Pour son premier numéro, Le Pont, revue publiée par Les Joueurs d’Astres Editions, invite ses lecteurs à approcher le grand voyage vers l’Iran, un Iran des mots, des livres, du passé et du présent. Xavier Philiponet fait le premier pas : un voyage à l’âge de 20 ans, avec une caravane et des amis, puis sa rencontre avec la poésie d’Omar Khayyâm, Hafez, Gibran, Rûmi. Emma Peiambari fait le voyage dans l’autre sens : venue d’Iran, elle raconte la rencontre avec l’étranger, ce « miroir inversé », notant l’étrange de l’autre qu’on découvre, et creusant les mots des dictionnaires.
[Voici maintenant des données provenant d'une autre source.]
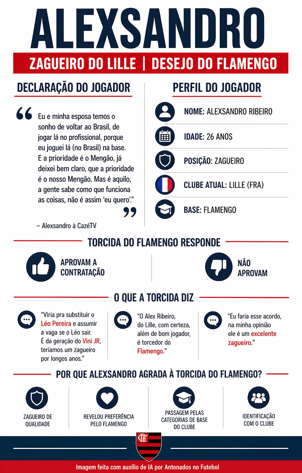 A declaração de Alexsandro naturalmente empolga a torcida do Flamengo, mas esse não pode ser o fator decisivo em uma eventual contratação. O zagueiro do Lille tem qualidade e é identificado com o clube, o que pesa positivamente. Porém, a diretoria precisa avaliar custo, momento técnico e planejamento do elenco antes de agir no mercado.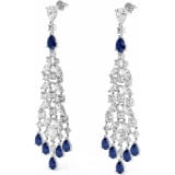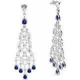 Amazing long earrings with 4 large white pear-cut moissanites of 1 carat each and 4 pear-cut lab grown sapphires of 1.2 carats each and a scattering of pear lab grown sapphires, moissanites marquise-cut and round-cut totaling 21 carats in white, yellow or rose gold 14k or 18k.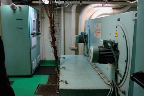 Pour répondre à votre question, je suis allé visiter la salle des machines accompagné par Yvan qui travaille dans le bateau pour l'Institut Polaire Français.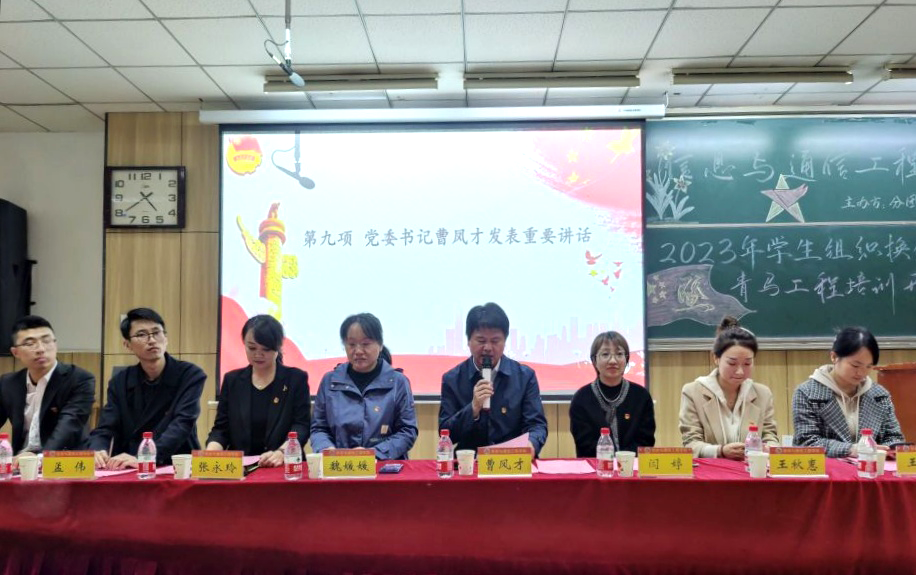 2023年度学生组织换任大会暨青马工程培训开班仪式在09102H教室成功举办。学院党委书记曹凤才、党委副书记兼副院长魏媛媛、团委书记闫婷、学生科张永玲老师、王秋惠老师、孟伟老师、王欣老师及本科生、研究生全体学生骨干及青马学员出席大会。会议由院团委王彪老师主持。

Parmi les articles qui suivent, il y a cette approche de l’autre dans les manuels scolaires iraniens, une étude remarquable et rigoureuse de Saeed Paivandi, et le « deuil sans fond de l’exilé iranien », de Nader Vahabi, analysant le paradoxe entre distance et proximité.
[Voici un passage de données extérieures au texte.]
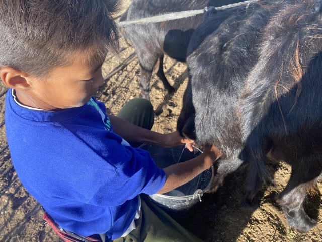 現地の家族は両手でどんどんしぼる。わたしが「もう出ないな〜」と思ったヤギからも、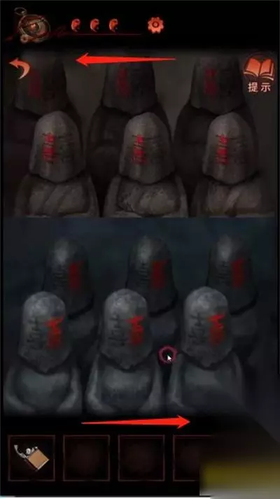 9、切换男主视角,也进入隔壁的“身外廊”,对话后,再切回女主视角。 10、点击左下角的石像。将上面的石像喜字调向左,下面的石像喜字调向右,获得猴子雕像。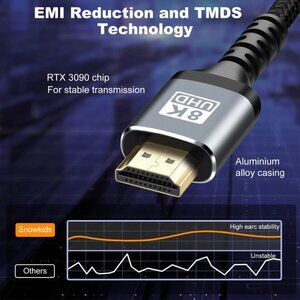 [HDMI 2.1 Cable 】SNESH Real 8K HDMI Cable meets the standard HDMI 2.1 Version and is also backward compatible with HDMI 1.2/1.3/1.42.0/2.0/2.1 versions. 8K transmission speed is way higher than 4K,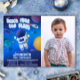 Dê um start em seu aniversário com esse convite fora do mundo. Todos os elementos e fundo são desenhos originais e digitalmente criados para capturar a atmosfera de uma jornada interstelar pelo espaço sideral.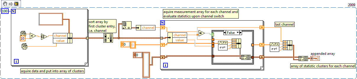 Außerdem kannst du ganz am Anfang die Zusammenführung der beiden Channel und Value Arrays am Anfang sehr viel direkter mit auto-indexing lösen, also einfach direkt beide Arrays in die For-Schleife geben und die auto-indizierten Werte Clustern. Dann brauchst du dein N nicht bestimmen und musst keine pseudo-Laufindexe (dieses Shift-register +1) erzeugen (welches auch direkt über den Laufindex i unten links funktioniert hätte Wink)).

Parmi les nouvelles contenues dans cette revue, j’ai particulièrement apprécié celle de Jacques Thomassaint, « La roulotte », où s’articule l’idée d’une île protégée du continent et qu’un pont va y relier : rencontres, méfiance, attirance, et enfin la liberté qui était impossible arrive… Il y a aussi « Bostanabad », de Foad Saberan, qui pourrait trouver sa place parmi les villes invisibles dont Italo Calvino a fait un livre.
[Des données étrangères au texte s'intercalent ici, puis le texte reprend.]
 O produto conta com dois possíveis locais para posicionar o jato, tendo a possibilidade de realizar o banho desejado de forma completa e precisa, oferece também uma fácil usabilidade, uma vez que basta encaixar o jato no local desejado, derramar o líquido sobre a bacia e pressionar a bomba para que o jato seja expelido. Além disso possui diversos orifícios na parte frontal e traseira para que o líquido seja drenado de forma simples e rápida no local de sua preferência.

Et il y a le dossier consacré à Omar Khayyâm, mathématicien, poète, du XIe siècle, dont les auteurs invités dans la revue disent plus la complexité que le simple goût des plaisirs qu’on trouve à son invitation répétée à boire du vin. Une approche systématique de Hassan Makaremi permet d’accéder aux différentes strates des Quatrains. Le récit d’un songe, tiré d’un livre de Xavier Philiponet, permet d’approfondir la pensée du poète à travers trois questions : « L’immoralité est-elle cruciale à tout devenir ? », « L’intuition est-elle le mariage de la raison et du divin ? », « L’innocence est-elle, comme la nature, vouée à puiser en l’instant sa perle féconde, à nourrir cette dernière, à la ciseler et ainsi muter ? ».